### TASK TO CARRY OUT
Every entry below should be transcribed exactly; pictures stay out of the copy.

### DATA PROVIDED
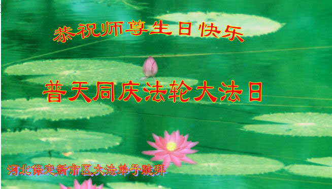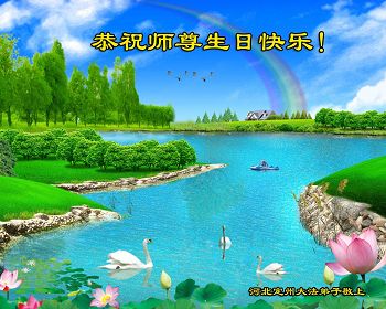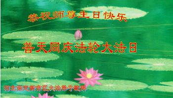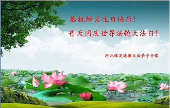 慈悲伟大的师父您好!一年一度的大法日暨您的生日到来之际,首先祝您生日快乐!弟子们衷心盼望您能早日回到大陆,弟子们想念您!师父您辛苦啦! 河北省高碑店一学法小组全体学员敬上 河北省保定雄县大法弟子恭贺法轮大法日!祝师父生日快乐!
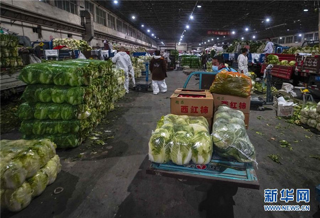 在新疆九鼎農(nóng)產(chǎn)品批發(fā)交易市場(chǎng)里,陳金奇(左)采購?fù)尥薏耍?月8日攝)。新華社記者 趙戈 攝
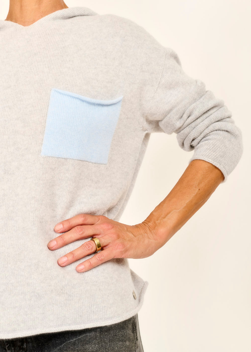 Entdecke den edlen Hoody in Grigio, der mit seiner farblich abgesetzten, aufgenähten Brusttasche stilvolle Akzente setzt. Das perfekte Piece für deinen entspannten, aber trendigen Look!
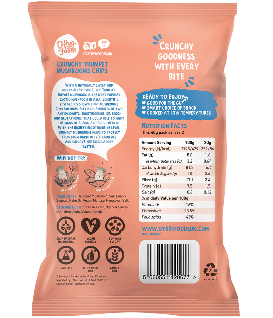 Other Foods Crunchy Trumpet Mushroom Chips 40g
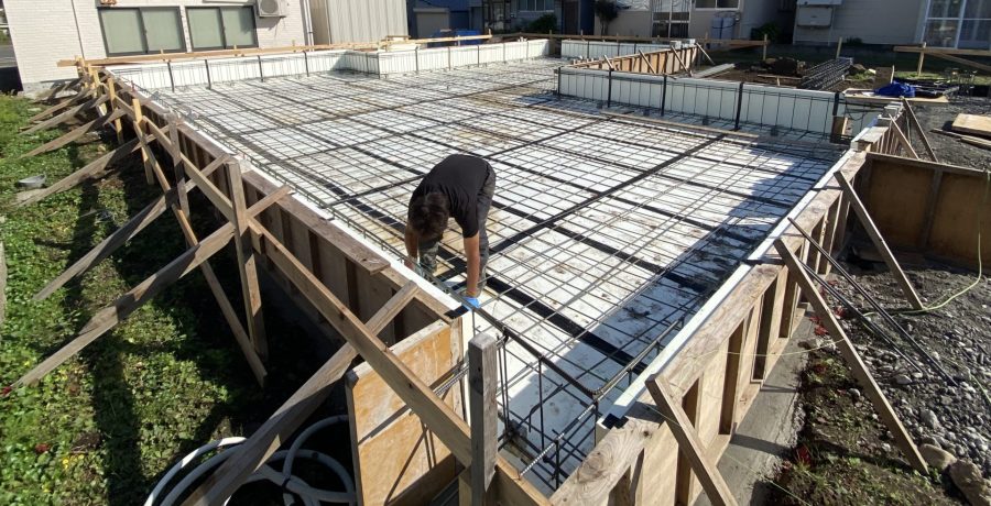 9月3日の1日で配筋工事を終えた。 素早い。 底盤に埋め込まれる扁平地中梁で底盤が凸凹にならない。 地根伐りも砕石地業も凸凹にならない。 転圧された地業・地盤を痛めないので強度的に有利である。

### ANSWER FOR THIS EXERCISE
 慈悲伟大的师父您好!一年一度的大法日暨您的生日到来之际,首先祝您生日快乐!弟子们衷心盼望您能早日回到大陆,弟子们想念您!师父您辛苦啦! 河北省高碑店一学法小组全体学员敬上 河北省保定雄县大法弟子恭贺法轮大法日!祝师父生日快乐!
 在新疆九鼎農(nóng)產(chǎn)品批發(fā)交易市場(chǎng)里,陳金奇(左)采購?fù)尥薏耍?月8日攝)。新華社記者 趙戈 攝
 Entdecke den edlen Hoody in Grigio, der mit seiner farblich abgesetzten, aufgenähten Brusttasche stilvolle Akzente setzt. Das perfekte Piece für deinen entspannten, aber trendigen Look!
 Other Foods Crunchy Trumpet Mushroom Chips 40g
 9月3日の1日で配筋工事を終えた。 素早い。 底盤に埋め込まれる扁平地中梁で底盤が凸凹にならない。 地根伐りも砕石地業も凸凹にならない。 転圧された地業・地盤を痛めないので強度的に有利である。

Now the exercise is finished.